DATA PROVIDED —
Segment Open

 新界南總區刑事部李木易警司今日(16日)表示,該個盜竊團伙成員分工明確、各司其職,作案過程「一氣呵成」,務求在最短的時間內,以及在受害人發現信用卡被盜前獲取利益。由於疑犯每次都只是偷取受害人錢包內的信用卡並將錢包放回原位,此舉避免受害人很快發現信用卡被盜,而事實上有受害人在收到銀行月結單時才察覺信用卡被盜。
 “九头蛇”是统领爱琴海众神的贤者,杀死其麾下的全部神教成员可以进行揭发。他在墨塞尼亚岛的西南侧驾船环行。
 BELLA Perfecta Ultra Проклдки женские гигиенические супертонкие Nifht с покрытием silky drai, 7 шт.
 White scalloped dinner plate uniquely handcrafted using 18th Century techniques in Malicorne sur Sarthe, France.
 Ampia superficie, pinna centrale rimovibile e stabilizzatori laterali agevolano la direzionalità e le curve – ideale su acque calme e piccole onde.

Segment Closed
Segment Open

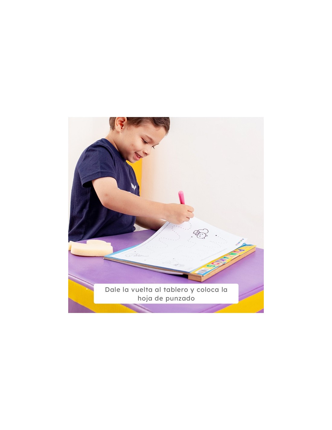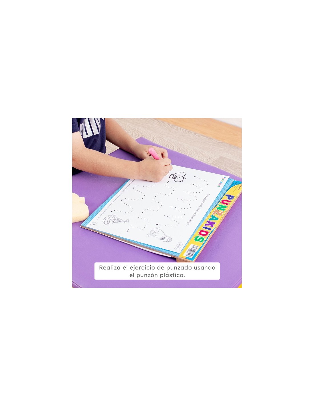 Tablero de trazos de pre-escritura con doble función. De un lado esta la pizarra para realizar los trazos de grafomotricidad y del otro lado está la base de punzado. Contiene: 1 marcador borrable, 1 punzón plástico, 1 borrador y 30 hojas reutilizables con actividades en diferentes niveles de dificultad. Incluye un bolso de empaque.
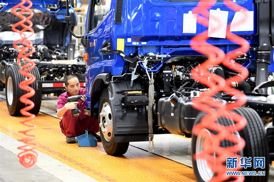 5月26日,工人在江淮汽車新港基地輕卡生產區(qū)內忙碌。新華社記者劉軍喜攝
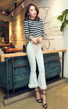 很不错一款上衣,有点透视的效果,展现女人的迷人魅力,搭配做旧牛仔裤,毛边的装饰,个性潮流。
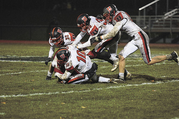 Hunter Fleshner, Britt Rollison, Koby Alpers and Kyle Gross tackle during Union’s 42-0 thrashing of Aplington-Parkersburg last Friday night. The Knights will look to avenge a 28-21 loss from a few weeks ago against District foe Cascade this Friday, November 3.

Segment Closed
Segment Open

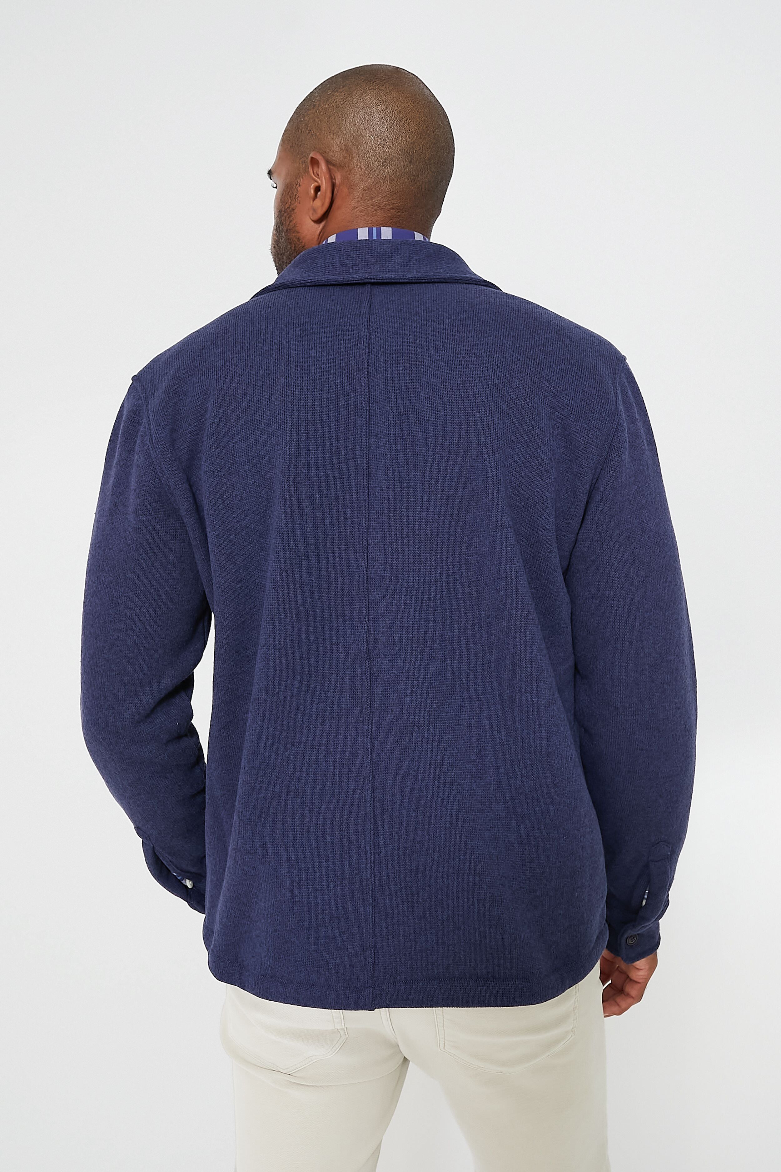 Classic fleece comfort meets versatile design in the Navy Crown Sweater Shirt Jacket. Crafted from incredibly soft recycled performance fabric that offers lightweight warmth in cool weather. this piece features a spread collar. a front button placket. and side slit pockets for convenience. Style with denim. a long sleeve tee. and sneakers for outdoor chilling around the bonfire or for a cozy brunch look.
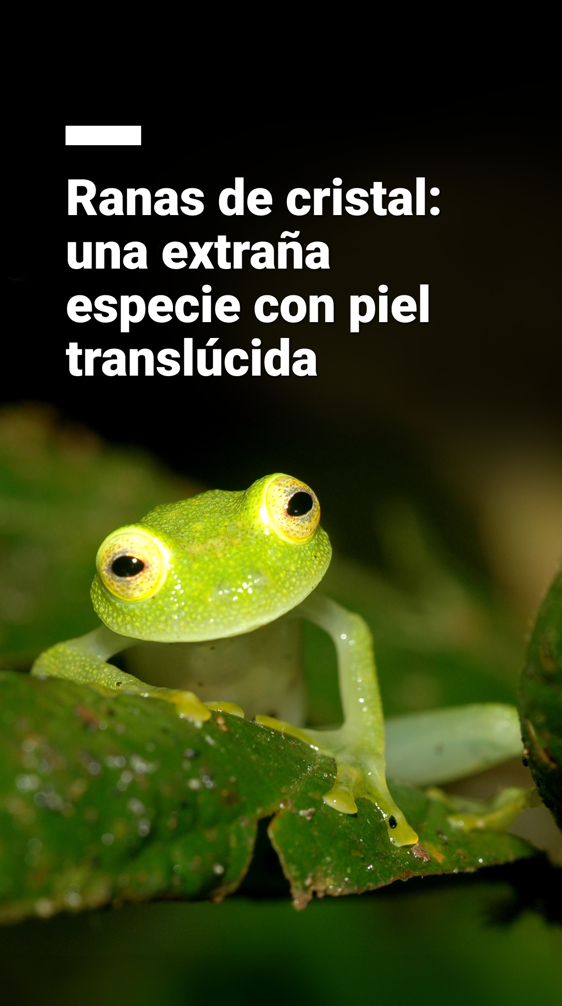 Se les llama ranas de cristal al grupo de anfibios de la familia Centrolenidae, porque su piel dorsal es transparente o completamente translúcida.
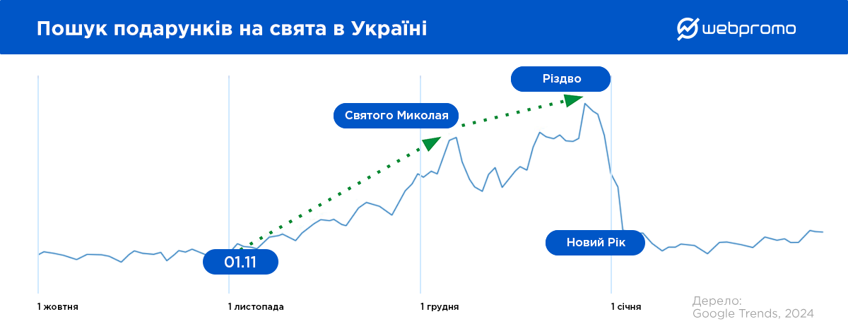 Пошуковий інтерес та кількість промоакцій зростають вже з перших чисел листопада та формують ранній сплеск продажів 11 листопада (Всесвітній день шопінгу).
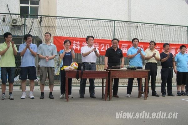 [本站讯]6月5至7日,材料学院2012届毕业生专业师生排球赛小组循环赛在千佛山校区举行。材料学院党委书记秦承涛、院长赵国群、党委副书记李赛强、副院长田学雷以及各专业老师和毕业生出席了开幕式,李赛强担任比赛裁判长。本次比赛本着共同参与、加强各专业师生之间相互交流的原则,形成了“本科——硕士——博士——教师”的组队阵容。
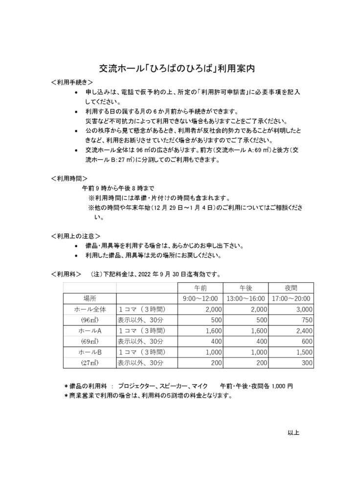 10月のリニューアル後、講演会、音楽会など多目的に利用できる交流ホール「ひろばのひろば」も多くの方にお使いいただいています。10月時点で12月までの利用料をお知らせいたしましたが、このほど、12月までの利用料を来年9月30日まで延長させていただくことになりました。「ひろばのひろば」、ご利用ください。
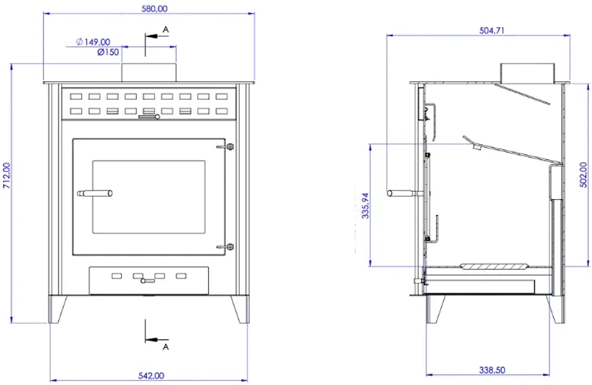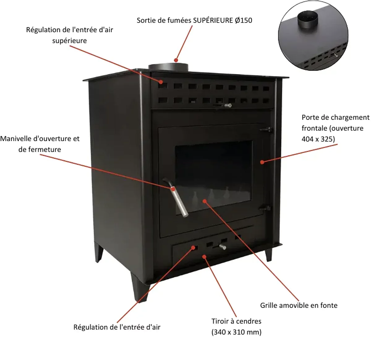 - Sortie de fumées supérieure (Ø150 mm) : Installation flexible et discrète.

Segment Closed

WORK TO BE COMPLETED —
Of the lines above, quote exactly those from the one with "Tablero de trazos" through the one with "Hunter Fleshner, Britt", ends included; pictures stay out.

WRITTEN SOLUTION —
 Tablero de trazos de pre-escritura con doble función. De un lado esta la pizarra para realizar los trazos de grafomotricidad y del otro lado está la base de punzado. Contiene: 1 marcador borrable, 1 punzón plástico, 1 borrador y 30 hojas reutilizables con actividades en diferentes niveles de dificultad. Incluye un bolso de empaque.
 5月26日,工人在江淮汽車新港基地輕卡生產區(qū)內忙碌。新華社記者劉軍喜攝
 很不错一款上衣,有点透视的效果,展现女人的迷人魅力,搭配做旧牛仔裤,毛边的装饰,个性潮流。
 Hunter Fleshner, Britt Rollison, Koby Alpers and Kyle Gross tackle during Union’s 42-0 thrashing of Aplington-Parkersburg last Friday night. The Knights will look to avenge a 28-21 loss from a few weeks ago against District foe Cascade this Friday, November 3.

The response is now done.